Фидельман спускает сводника с лестницы.
И днем сидит на скамейке на пьяцца делла Репубблика, неподалеку от Эсмеральды, набрасывает в альбомчике автопортрет.
Пока Фидельман сидел в уборной, Эсмеральда сожгла старый Бессин снимок.
— Я старею, — сказала она. — Что меня ждет?

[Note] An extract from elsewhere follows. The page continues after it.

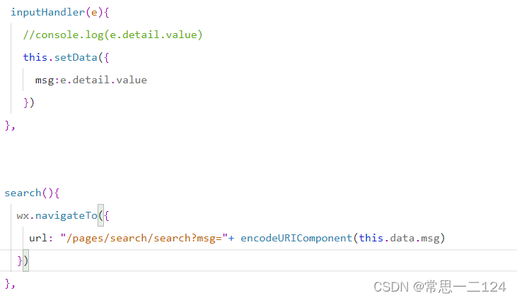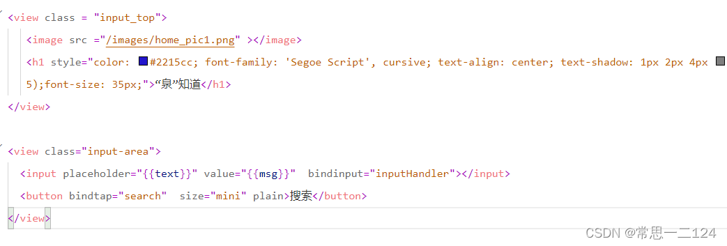 搜索区有两行,第一行显示搜索图标与文字提示(没什么用起装饰作用),第二行为搜索框与搜索按钮。搜索框会将输入文本传给变量,搜索按钮会跳转相应所绑定的搜索函数。相应的在.js文件里写好相应的函数。

Фидельман подумал — удавить ее, что ли, но рука не поднялась, да и потом с тех пор, как она стала ему позировать, он обходился без снимка. И тем не менее первое время без снимка он чувствовал себя потерянным, ветхий снимок уже одним своим присутствием давал чувство ощутимой связи с мамой, с Бесси, с прошлым. Но так или иначе, а ничего тут не поделаешь — пропал так пропал, память снова стала неосязаемой. Он писал с большим запалом и одновременно с отрешенностью; запал толкал его закончить картину, а образ, объект, субъект он воспринимал отрешенно. Эсмеральда предоставляла его самому себе, уходила почти на весь день, по возвращении отдавала ему деньги, но меньше, чем прежде. Он писал, снова преисполнясь уверенностью, весельем, удивлением. Темой картины теперь были не «Мать и сын», а «Брат и сестра» (с Эсмеральдой вместо Бесси), или, если без обиняков, — «Проститутка и сводник». И хотя Эсмеральда больше ему не позировала, внутреннее зрение у него прояснилось, теперь он знал, что ему нужно. Как-то раз ее лицо продержалось на картине целую неделю, но потом он счистил его. Цель была близка. И хотя он подумывал, не счистить ли наждаком свое лицо и не сделать ли сводником Лудовико, в конце концов он остался на картине — вот что замечательно. Честней этой картины я ничего не писал. Эсмеральда на ней предстала девятнадцатилетней проституткой, а он — состарив себя мазком там, мазком сям — пятнадцатилетним сводником. Вот эта-то неожиданность и создала картину. А смысл ее, наверное, вот в чем: мне сызмала было предначертано стать тем, кем я стал. А потом подумал: никакого в ней смысла нет, картина она и есть картина.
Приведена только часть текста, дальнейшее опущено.